PyStemmer doesn't stem trailing 's'es on words if the letter before the 's' is a 'u', but we do. PyStemmer's approach is better, since we, for example, stem 'virus' to 'viru' but 'viruses' to 'virus', and we stem 'fetus' to 'fetu' but 'fetuses' to 'fetus'; PyStemmer stems these to 'virus', 'virus', 'fetus' and 'fetus' respectively, which is more correct/consistent.
PyStemmer removes trailing 'ly' from words, whereas we (always? usually? not sure precisely which rules come into play here off the top of my head) convert it to 'li'. This is quite a huge improvement; it lets PyStemmer notice that adverbs have the same root as their corresponding adjective, which we are currently pretty hopeless at. For example, we stem 'motherly', 'mother', 'honestly' and 'honest' to 'motherli', 'mother', 'honestli' and 'honest', whereas PyStemmer stems them to 'mother', 'mother', 'honest' and 'honest'.

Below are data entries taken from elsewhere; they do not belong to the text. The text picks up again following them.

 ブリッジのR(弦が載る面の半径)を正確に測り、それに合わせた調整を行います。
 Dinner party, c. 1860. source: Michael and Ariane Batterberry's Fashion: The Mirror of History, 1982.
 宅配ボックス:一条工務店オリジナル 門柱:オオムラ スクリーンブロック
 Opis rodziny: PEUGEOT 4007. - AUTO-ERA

There are other inconsistencies unrelated to these two major rule differences (e.g. we stem 'his' to 'hi' whereas PyStemmer stems it to 'his'; we stem 'general' to 'gener' whereas PyStemmer stems it to 'general') but not many and none of them stood out as being bad marks for PyStemmer. I think it's fair to say it is better than nltk's implementation both in terms of speed and results.

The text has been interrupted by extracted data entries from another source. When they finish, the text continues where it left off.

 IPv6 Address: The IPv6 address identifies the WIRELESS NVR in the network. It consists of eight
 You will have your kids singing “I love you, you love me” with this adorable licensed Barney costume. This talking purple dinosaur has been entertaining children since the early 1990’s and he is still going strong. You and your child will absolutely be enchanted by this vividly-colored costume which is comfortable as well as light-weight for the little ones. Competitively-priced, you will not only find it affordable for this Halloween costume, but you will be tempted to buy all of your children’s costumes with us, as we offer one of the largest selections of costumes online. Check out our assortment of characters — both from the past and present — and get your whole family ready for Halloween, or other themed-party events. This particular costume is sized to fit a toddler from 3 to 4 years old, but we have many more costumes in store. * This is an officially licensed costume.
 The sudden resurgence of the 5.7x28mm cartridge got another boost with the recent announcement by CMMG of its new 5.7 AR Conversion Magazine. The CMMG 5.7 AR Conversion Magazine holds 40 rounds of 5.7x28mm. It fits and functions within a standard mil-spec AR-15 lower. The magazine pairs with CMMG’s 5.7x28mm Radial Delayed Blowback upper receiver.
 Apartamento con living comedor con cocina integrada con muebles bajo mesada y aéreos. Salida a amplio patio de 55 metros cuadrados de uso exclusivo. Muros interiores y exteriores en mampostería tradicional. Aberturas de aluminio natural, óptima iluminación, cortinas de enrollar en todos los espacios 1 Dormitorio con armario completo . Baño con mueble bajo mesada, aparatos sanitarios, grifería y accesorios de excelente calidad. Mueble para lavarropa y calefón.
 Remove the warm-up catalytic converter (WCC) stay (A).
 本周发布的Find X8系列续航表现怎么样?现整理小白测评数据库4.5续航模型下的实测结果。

With these observations in mind, it seems to me that the best result for nltk would be to integrate PyStemmer or otherwise wrap the Snowball stemmer in some way.

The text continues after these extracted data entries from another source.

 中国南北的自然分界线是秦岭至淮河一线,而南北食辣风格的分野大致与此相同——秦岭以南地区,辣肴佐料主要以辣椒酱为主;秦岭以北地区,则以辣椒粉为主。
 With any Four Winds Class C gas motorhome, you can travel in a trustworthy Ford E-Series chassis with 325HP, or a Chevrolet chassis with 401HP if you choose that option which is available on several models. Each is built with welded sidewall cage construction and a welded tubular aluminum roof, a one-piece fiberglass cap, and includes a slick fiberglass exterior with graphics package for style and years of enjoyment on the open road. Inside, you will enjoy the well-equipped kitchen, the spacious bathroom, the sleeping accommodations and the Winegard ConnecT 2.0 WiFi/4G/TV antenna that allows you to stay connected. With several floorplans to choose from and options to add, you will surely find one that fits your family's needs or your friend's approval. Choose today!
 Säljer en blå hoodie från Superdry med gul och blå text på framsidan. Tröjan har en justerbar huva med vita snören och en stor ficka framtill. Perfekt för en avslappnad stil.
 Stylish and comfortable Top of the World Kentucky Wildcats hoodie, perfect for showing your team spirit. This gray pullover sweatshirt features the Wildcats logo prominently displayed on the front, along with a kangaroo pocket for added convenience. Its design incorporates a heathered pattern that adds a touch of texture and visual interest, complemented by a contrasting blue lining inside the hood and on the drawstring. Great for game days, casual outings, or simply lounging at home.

Anyway, I'd be happy to help out with this but am unsure what the best approach is. I await further advice/instructions from someone more knowledgeable and experienced in this stuff than me.

stevenbird · 2012-12-03T10:51:21Z

Thanks for the contribution and for the careful analysis. The differences in output make things slightly complicated. If there was a comprehensive test set and we could demonstrate that the rewritten stemmer is (more) correct than the existing one, it would be fine to do the replacement. Does anyone want to go to the trouble of doing that?

Otherwise, I think the right thing is to keep both versions around, and not risk breaking anyone's code that crucially depends on the existing version. It could go in nltk.stem.porter2.PorterStemmer.

desilinguist · 2012-12-03T12:03:14Z

I agree. It might actually be good to keep the older version around in case people need it for replicability.

Nitin

On Dec 3, 2012, at 5:51 AM, Steven Bird notifications@github.com wrote:

Thanks for the contribution and for the careful analysis. The differences in output make things slightly complicated. If there was a comprehensive test set and we could demonstrate that the rewritten stemmer is (more) correct than the existing one, it would be fine to do the replacement. Does anyone want to go to the trouble of doing that?

Otherwise, I think the right thing is to keep both versions around, and not risk breaking anyone's code that crucially depends on the existing version. It could go in nltk.stem.porter2.PorterStemmer.

—
Reply to this email directly or view it on GitHub.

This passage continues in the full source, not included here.